HAVEN'T our politicians heard of IKEA?
Wales on Sunday visited the mammoth home furnishings store in Cardiff to see how many desks and plants we could buy for £25,000.
Opting for the most costly desks available - at £155 - the Assembly could have bought 101.
And £9,000 would have bought 900 of the most expensive plants - or 9,000 of the cheapest.
Jeff Baldry, IKEA's small business manager in Wales, said: "We'd be delighted next time to be given the chance to set these people up with a much better deal in furnishing their offices. £15,700 seems an awful lot for a desk."
FIRST, they splashed out £41m on Wales' new seat of power.
Now, the National Assembly has blown £15,700 on a desk to match.
And not content with wasting your money on a flashy front counter, they've also forked out £9,000 on plants for the courtyard of the new building in Cardiff Bay.
The figures, released to Wales on Sunday under the Freedom of Information Act, landed the Labour-run government in hot water last night.

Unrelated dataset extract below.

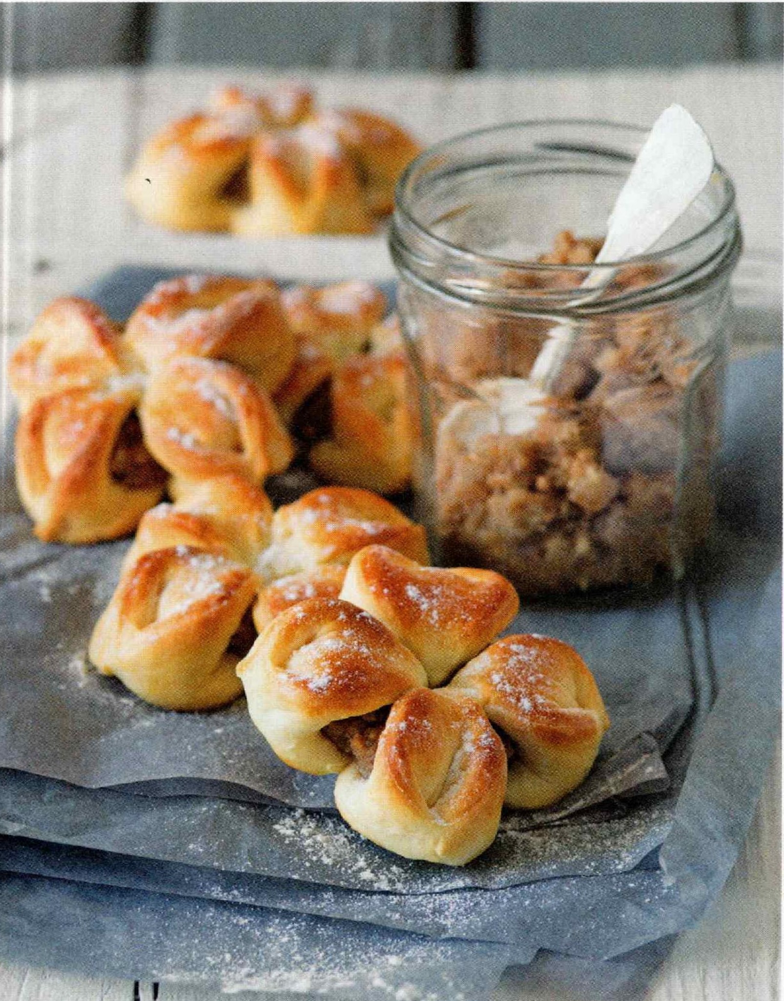 1, Malé čtverečky Těsto rozválejte dotenka, a vykrojte 4 čtverce 5×5 cm, aniž prokrojíte střed těsta. Lžící naneste náplň a přehněte roh každého čtverce do středu. 2, Tvarování rohů Středové rohy přeloženého těsta přitlačte k sobě. Ujistěte se, že dobře drží u

Critics accused the administration of getting its priorities wrong - for buying the desk when it was not prepared to help two Bridgend furniture factories belonging to Christie Tyler which went bust in July, and for going plant shopping just 18 months after a bitter funding battle with the National Botanic Gardens.
The desk, made by construction giant Taylor Woodrow, which is building the headquarters of Wales' devolved Government, is made up of six workstations for receptionists and public information staff. It has a steel frame, with translucent laminated glass panels on the front face, and a work surface made of Welsh slate.
Last month the Assembly's Presiding Officer Lord Dafydd Elis-Thomas said the £300,000 bill for modern art to decorate the debating chamber was an "integral part of the structure of the building".
Defending the £25,700 splurge, an Assembly spokesman said: "The desk will serve as a focal point for visitors entering the main public space." No mention was made of the 'touchy-feely' landscaping costs.
Leading the criticism, Tory leader in the Assembly Nick Bourne said: "The same Labour Assembly Government needed to be dragged kicking and screaming into giving money to the Botanic Gardens but now manage to spend £9,000 on plants. They're not going to Do-It-All, are they?
"£900 may be acceptable, but £9,000 - my God, no. It's too much."
He added it was ironic Assembly bosses were buying flash furniture just days after 200 furniture makers in Bridgend lost their jobs.
Plaid Cymru's Shadow Social Justice Minister Leanne Wood said: "They say that money doesn't grow on trees, but clearly Labour thinks it does.
"Every time New Labour defends this kind of spending they must realise that to most people it seems excessive."
The spending was also attacked by the Forum of Private Businesses, which represents small businesses in Wales.
Spokesman Ben Pinnington said: "Business owners will view this appalling waste of hard-earned taxpayers' money with complete and utter contempt.
"The Assembly is living in a bureaucratic bubble a million miles away from the harsh realities of the business world. A world where lack of care with money leads to businesses going bust. The Assembly desperately needs to show it lives in the real world."